- [Aim of the exercise]
Exactly as they appear, please output the lines from the one with "Very varied sequences, interspersed" through the end of the material, without pictures.

- [Data excerpt]

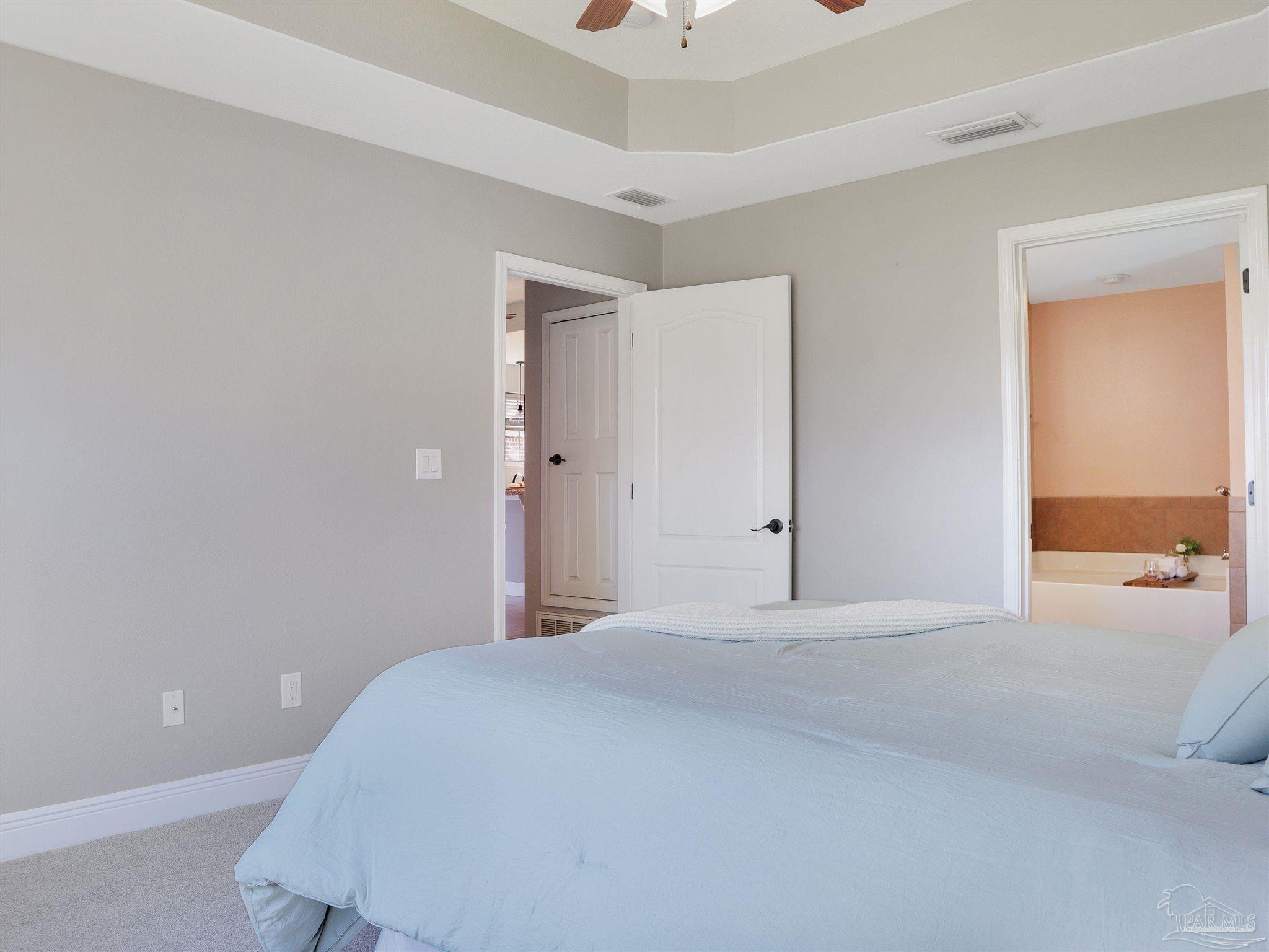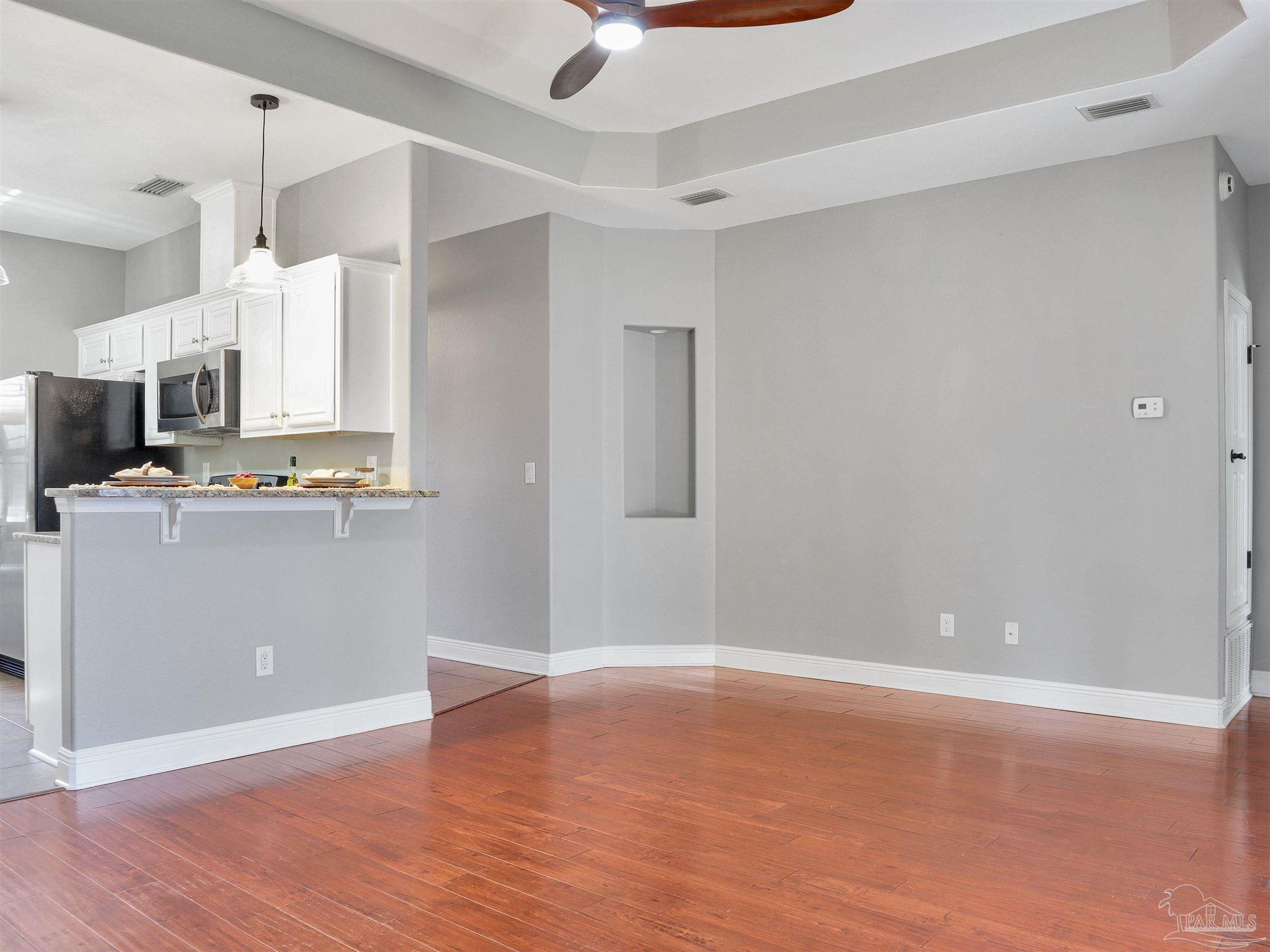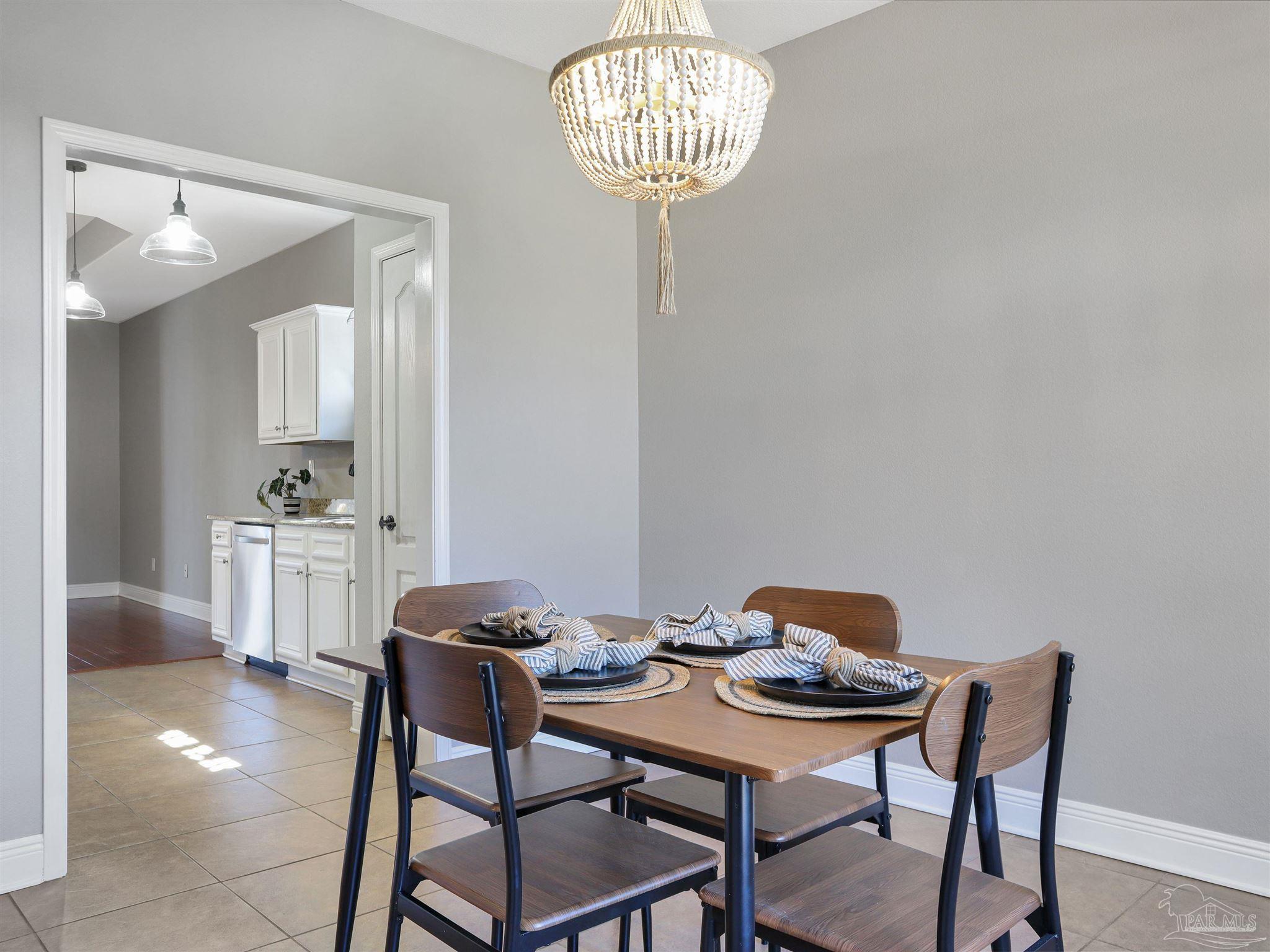 Near Navy Federal campus and I-10. Florida room with mini-split HVAC, tankless gas water heater, fenced yard with irrigation, new bedroom carpet, and fresh interior paint. Located in the Fiddler’s Walk community of Cantonment, this single-level brick home offers approximately 1,700 heated and cooled square feet with a functional three-bedroom, two-bath layout and attached two-car garage. The enclosed Florida room adds valuable living space and includes a dedicated mini-split for year-round heating and cooling. Inside, the living room connects directly to the kitchen, creating an open, comfortable flow for daily living. Engineered wood flooring defines the main gathering area, while tile extends through the kitchen, dining area, and baths for durability and easy care. Bedrooms feature new carpet and fresh paint. The kitchen provides ample cabinetry and a breakfast bar for casual meals. The primary suite includes a soaking tub, separate shower, dual vanity, and walk-in closet. Additional highlights include a tankless gas water heater for energy-efficient endless hot water, a sprinkler system, and a privacy-fenced backyard. The home’s location offers quick access to Pine Forest Road and West Roberts Road, placing everyday conveniences within easy reach, including Publix and restaurants on Pine Forest (about 3 miles) and Navy Federal Credit Union (about 3.9 miles). Convenient to Highway 29 and I-10 for commutes toward Pensacola and nearby beaches.
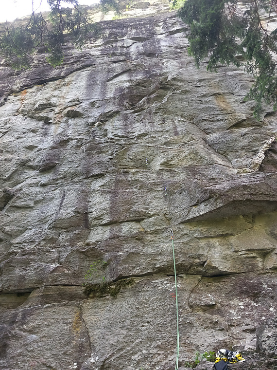 Very varied sequences, interspersed with rests. Some quite morpho-moves. Difficulty increases progressively, till the crux under the chain, where you'll need to lock off on small crimps.
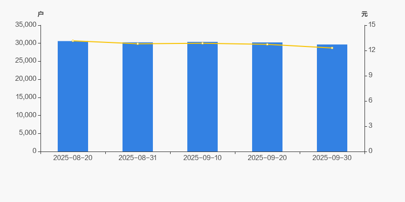 截至2025年9月30日,公司最新总股本为3.37亿股,其中流通股本为3.08亿股。户均持有流通股数量由上期的1.02万股上升至1.04万股,户均流通市值12.77万元。
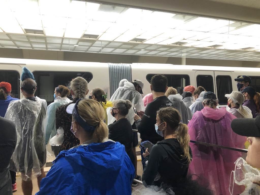 According to the weather app, this morning was supposed to be slightly chilly and dry until 8am, but my friends, that was not the case. It drizzled from the time we left our hotel at 3:30 am, all the way until 7am. Still we persisted! We arrived at EPCOT and parked in the Discovery section of the massive lot. From there we walked to the Monorail station for a ride to the Magic Kingdom Transportation and Ticket Center and then one more walk to the parking lot and our starting groups.

- [Written solution]
 Very varied sequences, interspersed with rests. Some quite morpho-moves. Difficulty increases progressively, till the crux under the chain, where you'll need to lock off on small crimps.
 截至2025年9月30日,公司最新总股本为3.37亿股,其中流通股本为3.08亿股。户均持有流通股数量由上期的1.02万股上升至1.04万股,户均流通市值12.77万元。
 According to the weather app, this morning was supposed to be slightly chilly and dry until 8am, but my friends, that was not the case. It drizzled from the time we left our hotel at 3:30 am, all the way until 7am. Still we persisted! We arrived at EPCOT and parked in the Discovery section of the massive lot. From there we walked to the Monorail station for a ride to the Magic Kingdom Transportation and Ticket Center and then one more walk to the parking lot and our starting groups.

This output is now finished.